STA and PHA are character arrays rather than cell arrays of strings. That's somewhat faster
function [ ORG, ARV, STA, PHA, EVD ] = cssm( filespec )
str = fileread( filespec );
xpr = '(?<=(^|\n))[ ]*201[4567].+?(?=($|[ ]*201[4567]))';
blocks = regexp( str, xpr, 'match' );
nnl = length( strfind( str, char(10) ) );
len = length( blocks );
ORG = nan(len,14);
%
N = nnl - len + 1;
STA = repmat( '-', [N,5] );
ARV = nan(N,1);
PHA = repmat( '-', [N,1] );
EVD = nan(N,1);
nextORG = 1;
nextSTA = 1;
for cac = blocks
S0 = regexp( cac{1}, '\n', 'split', 'once' );
S1 = textscan( S0{1}, '%f%f%f%f%f%f%f%f%f%f%f%f%f%f' ...
, 'CollectOutput',true );
ORG( nextORG, : ) = S1{1};
MATDAY_ARV = datenum( S1{1}(1:6) ); %#ok<NASGU>
nextORG = nextORG + 1;
%
S2 = textscan( S0{2}, '%5c%f%f%1c' );
N2 = size( S2{1}, 1 );
STA( nextSTA:nextSTA+N2-1, : ) = S2{1};
ARV( nextSTA:nextSTA+N2-1, 1 ) = S2{2};
PHA( nextSTA:nextSTA+N2-1, 1 ) = S2{4};
EVD( nextSTA:nextSTA+N2-1, : ) = S1{1}(end);
nextSTA = nextSTA + N2;
end
%
if N >= nextSTA % truncate the "memory", which isn't used.
STA( STA == '-' ) = [];
STA = reshape( STA, [],5 );
ARV( nextSTA : end ) = [];
PHA( nextSTA : end ) = [];
EVD( nextSTA : end ) = [];
end
end
Error handling: This file lacks error handling besides that of Matlab, e.g. fileread will tell if the text file is missing.
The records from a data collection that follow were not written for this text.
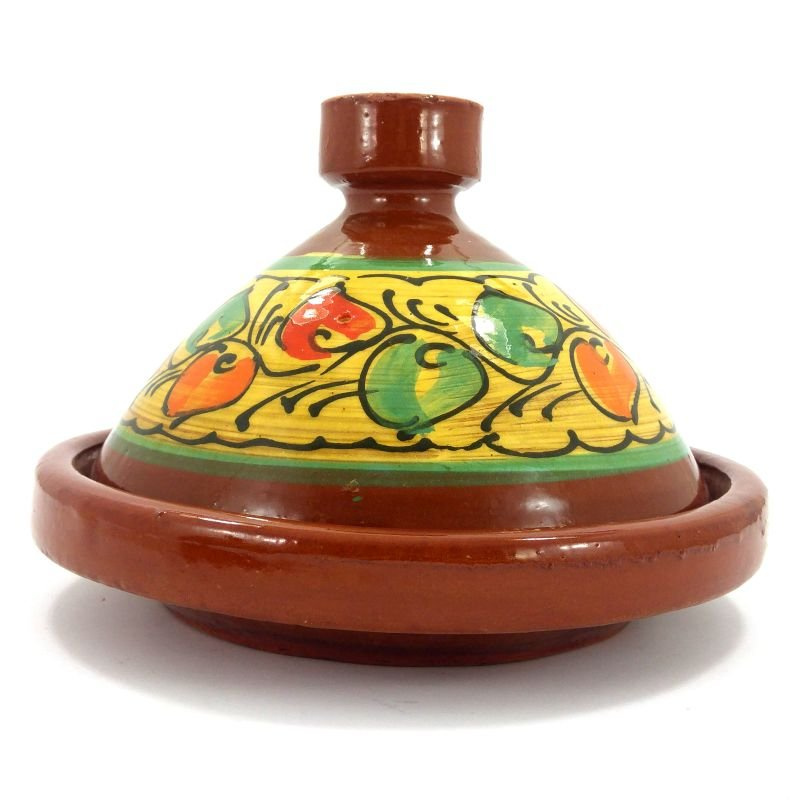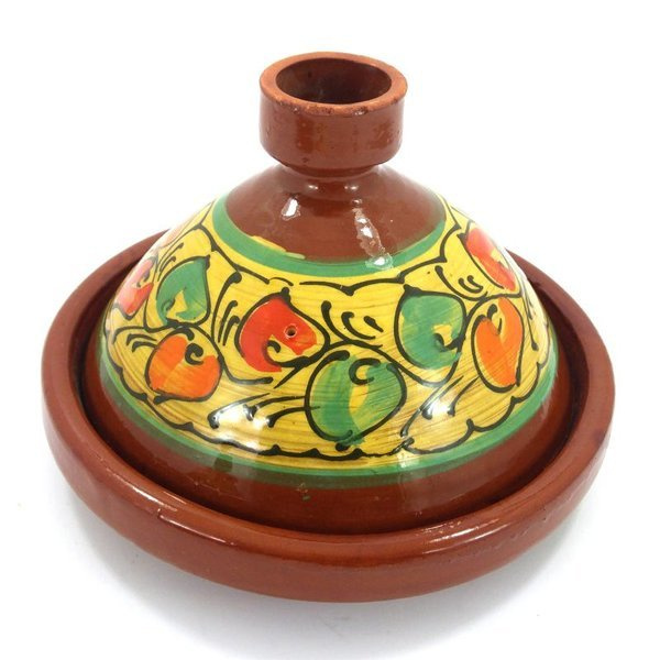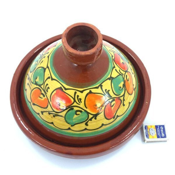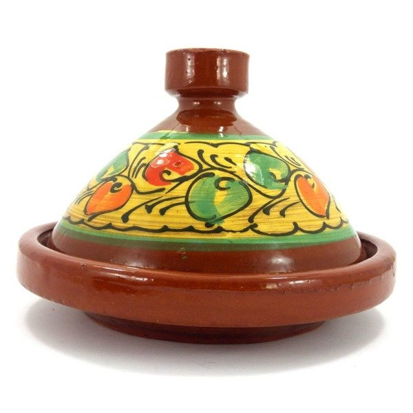 Prezentowany w sklepie tagine posiada zdobienia w marokańskim stylu , jest prostym i surowym typowo użytkowym ręcznie wykonanym glinianym naczyniem.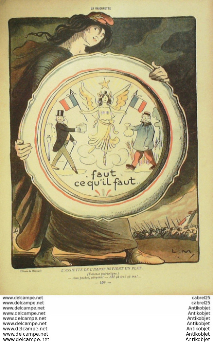 Ce periodique de 16 pages illustrees en couleurs de caricatures humoristiques et satiriques fut cree l'origine "x la baionnette" le 23 janvier 1915 par le dessinateur Henri Maigrot, dit Henriot , collaborateur de L'Illustration et pere d'emile Henriot et il fournit l'essentiel des dessins, durant 24 numeros, jusqu'au 3 juillet. Le prix est de 15 centimes au format 31 22 cm. Il tire son nom de la baionnette et de l'expression charger la baionnette, la charge etait d'ailleurs son activite favorite puisque celui-ci, distribue aux poilus, se moquait de la betise des Allemands, ridiculisant par des caricatures le Kaiser Guillaume II ou le Kronprinz Guillaume de Prusse. Le magazine changea d'editeur le 8 juillet 1915, pour une nouvelle serie, des le 13 aout, s'appela La Baionnette. La maquette, la ferocite de certains dessins, ainsi que le choix des dessinateurs, rappellent L'Assiette au beurre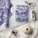 Elegant mint green baroque style floral damasks over a purple background.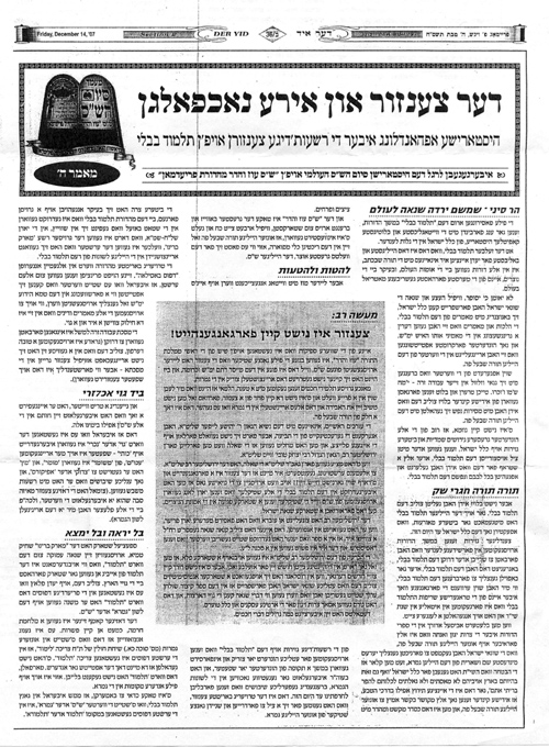 אחי הרה"ח ר'שלום שי'אבערלאנדער העביר לי צילום מאמר שהופיע בעיתון באידיש שיצא לאור בניו יארק ('דער איד'ה'טבת תשס"ח, צווייטע אפטיילונג ב/36), לכבוד סיום עריכת והדפסת הש"ס מהדורת 'עוז והדר'.

If this function is intended for routine use it's important to handle especially the errors, which are caused by unexpected character strings in the input file.
2016-11-18, Performance test
  • Computer: eight year old vanilla desktop with 8GB RAM.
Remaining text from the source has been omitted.